Well, isn't it better to have something instead of having nothing?!
Agreed, they do target the non-readers, but at the end of the day even
that non-reader is also reading something instead of wasting his time
in so many other activities. This can motivate him to read more and
more over all those hi-fi books are not cool anymore among the youth.
He may read the so called good literature for years but its just the
waste of time if it doesn't make any sense to him. I started with
Chetan Bhagat's five point someone and once I was done with all his
books, I moved on to Ayn Rand's The Fountainhead. If I had seen this
book before reading those so called cheap books, I would not have
touched it. I can surely say that the influence made by these Indian
authors is much more than that of those hi-fi authors, NOT in a bad
way though.

from:  Shiva
Posted on: Jul 11, 2012 at 22:37 IST

Good books are defintely the place where one can find the solace even if one happen to come across right books which matches their fequency it will provide the solution to mundance problems. By reading books of eminant writers like Munshi Premachand or Tagore one can realy appreciate the life in differnt perspective and also answer the deep mysteries of human life which otherwise it will be difficult to get expereince in our short life time.
Most of the time it is not clear what one likes but curiosity will definitely take us their.

from:  Sidram
Posted on: Jul 11, 2012 at 17:38 IST

Its wrong to say that these books have no take away, one should not generalize. They have some message surely, around which the story is built. But Agree, if you are looking for enhancing your Language quotient, then they are not the ones.
I think, the onus is more on Publishers, They don't want to take risk with new authors, so simply they will ask to pay them, now which has become a business model. Unless they raise the bar, budding writers will have easy way to get it published.

from:  rakhi s
Posted on: Jul 11, 2012 at 17:08 IST

"The beauty of reading lies in what you take away from it". True. And yet so ironical. Hasn't the author or the quoted 'bibliophile' come across a book which talks about respecting others preferences/choices? If reading Joyce and Bronte fosters holier-than-thou attitude, it is a wasteful exercise on the part of reader.

from:  Prateek
Posted on: Jul 11, 2012 at 16:21 IST

If books reflect the time and society in which it is being written, then it is a very scary world out there in terms of the richness of life is considered. Today life has been reduced to gadgets and comfort. The modern day authors all haling from well to do backgrounds portray a life with rose tinted lenses. There is nothing more than narration of events, every day routine, very little philosophy to make you stop short and ponder on what the writer has written. While Bollywood is primarily producing commercial movies, there is some experimental cinema which catches your attention.

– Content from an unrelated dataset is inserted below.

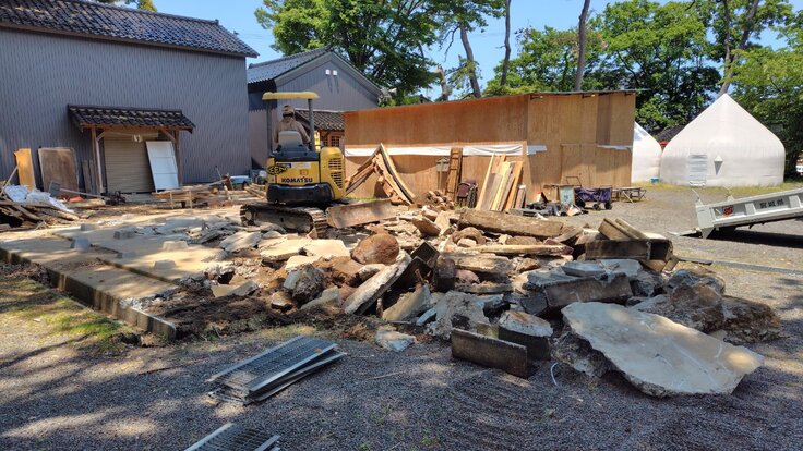 能登町からOPEN JAPANさんの重機が来てくれました。あっという間に基礎を壊していきます。

A similar wave has yet to storm the literary world in Indian society.

from:  Vatsala
Posted on: Jul 11, 2012 at 15:48 IST

It's also the other way around.
Demand for such literature has also increased as "reading" has developed
into a fad for a lot of people.
And something to fill the "interests" section of one's page on social
networking sites is a huge bonus lol....

from:  Kunal
Posted on: Jul 11, 2012 at 14:59 IST

English not being the native language , the median english language proficiency is low . Partly explaining the demand of such books . They
readers in future will surely evolve , one can't read formulastic novels
for long
This is just a temporary phase and will surely pass .

from:  Ishan Nag
Posted on: Jul 11, 2012 at 12:52 IST

I whole heartedly complement ' The Hindu' for its sincere attempts to improve the minds of its readers. It is culture that distinguishes civilization from barbarism.
It is the family environment which influences children in their formative years. The parents are the role models for children to emulate.
Our modern culture which gives excessive importance to material success is not conducive to a harmonious development of the child's personality.
Our educational system should also be suitably amended so that it can produce world class scientists, authors,poets and scholars. Children should be encouraged to think for themselves and be taught to be independent at an early age. Their teachers should be able to spot the latent talent hidden in every child and allow it to be developed to its utmost capacity. Originality should be encouraged and rewarded.
There should be debating societies in every school. Primary education should be in the mother tongue with English as an optional language.

from:  Umesh Bhagwat
Posted on: Jul 11, 2012 at 12:29 IST

"Five point and their ilk" have brought down the readers intellect in
every way. I can very well say now I'm moving towards being 'dumb'.
Nowadays even sleaze has become core content. For long we did not have
'C' grade books in English, though they were omnipresent in
vernacular. These books only fill that gap.
However I do not buy into the argument that readers will start with
these and go on to become serious readers!
Those who read these types of books will remain there and there isn't
even a faint chance that they will graduate anyday!

from:  Subash
Posted on: Jul 11, 2012 at 11:46 IST

Well written. And aptly timed article.

I don't know; who are serious readers or as you might pen 'seasoned
readers'. I enjoy reading and don't look for particular reap from it.
I am not much worried about the book size,grammar or complexity .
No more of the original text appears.